Exercise and stress: Get moving to combat stress

One way to take control of the stress in your life is through physical activity. Being active can boost your feel-good endorphins and distract you from daily worries.

By Mayo Clinic staff

You know that exercise does your body good, but you’re too busy and stressed to fit it into your routine. Hold on a second — there’s good news when it comes to exercise and stress.

Virtually any form of exercise, from aerobics to weightlifting, can act as a stress reliever. If you’re not an athlete or even if you’re downright out of shape, you can still make a little exercise go a long way toward stress management. Discover the connection between exercise and stress relief — and why exercise should be part of your stress management plan.

Exercise and stress relief

Exercise increases your overall health and your sense of well-being, which puts more pep in your step every day. But exercise also has some direct stress-busting benefits.

  • It pumps up your endorphins. Physical activity helps to bump up the production of your brain’s feel-good neurotransmitters, called endorphins.

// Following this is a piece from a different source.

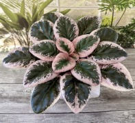 Полумахровые средне-розовые оборчатые звёзды с более тёмным фэнтези. Тёмно-зелёная с розовым и коричневым пёстрая зубчатая листва. Очень красивый пестролистник. Цветы полумахровые, нежно-розовые с белыми и желтоватыми разводами.
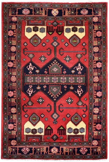 Nomadic carpets are hand-woven by nomads and are mostly woven in small sizes due to the necessities of life and special migration conditions. Unlike rural and urban carpets, nomadic carpet weaving machines (Looms) are horizontal and have a very simple construction. Nomadic carpets are thicker and the pile in them is woven with natural wool of sheep, goat, and camel. Tribal weavers artistically perform patterns such as flowers and plants, tools and accessories, animals and birds that can be seen in their surroundings, on their handicrafts. Nomadic rugs have very simple patterns with attractive unique colors and their design is often asymmetrical. The use of geometric patterns to depict animals, flowers is very common in these carpets. If one can translate the symbols and motifs of nomadic carpets, it reveals many facts about the past, culture, and environments of weavers.

Although this function is often referred to as a runner’s high, a rousing game of tennis or a nature hike also can contribute to this same feeling.
  • It’s meditation in motion. After a fast-paced game of racquetball or several laps in the pool, you’ll often find that you’ve forgotten the day’s irritations and concentrated only on your body’s movements. As you begin to regularly shed your daily tensions through movement and physical activity, you may find that this focus on a single task, and the resulting energy and optimism, can help you remain calm and clear in everything that you do.
  • It improves your mood. Regular exercise can increase self-confidence and lower the symptoms associated with mild depression and anxiety. Exercise also can improve your sleep, which is often disrupted by stress, depression and anxiety. All this can ease your stress levels and give you a sense of command over your body and your life.

Put exercise and stress relief to work for you

A successful exercise program begins with a few simple steps.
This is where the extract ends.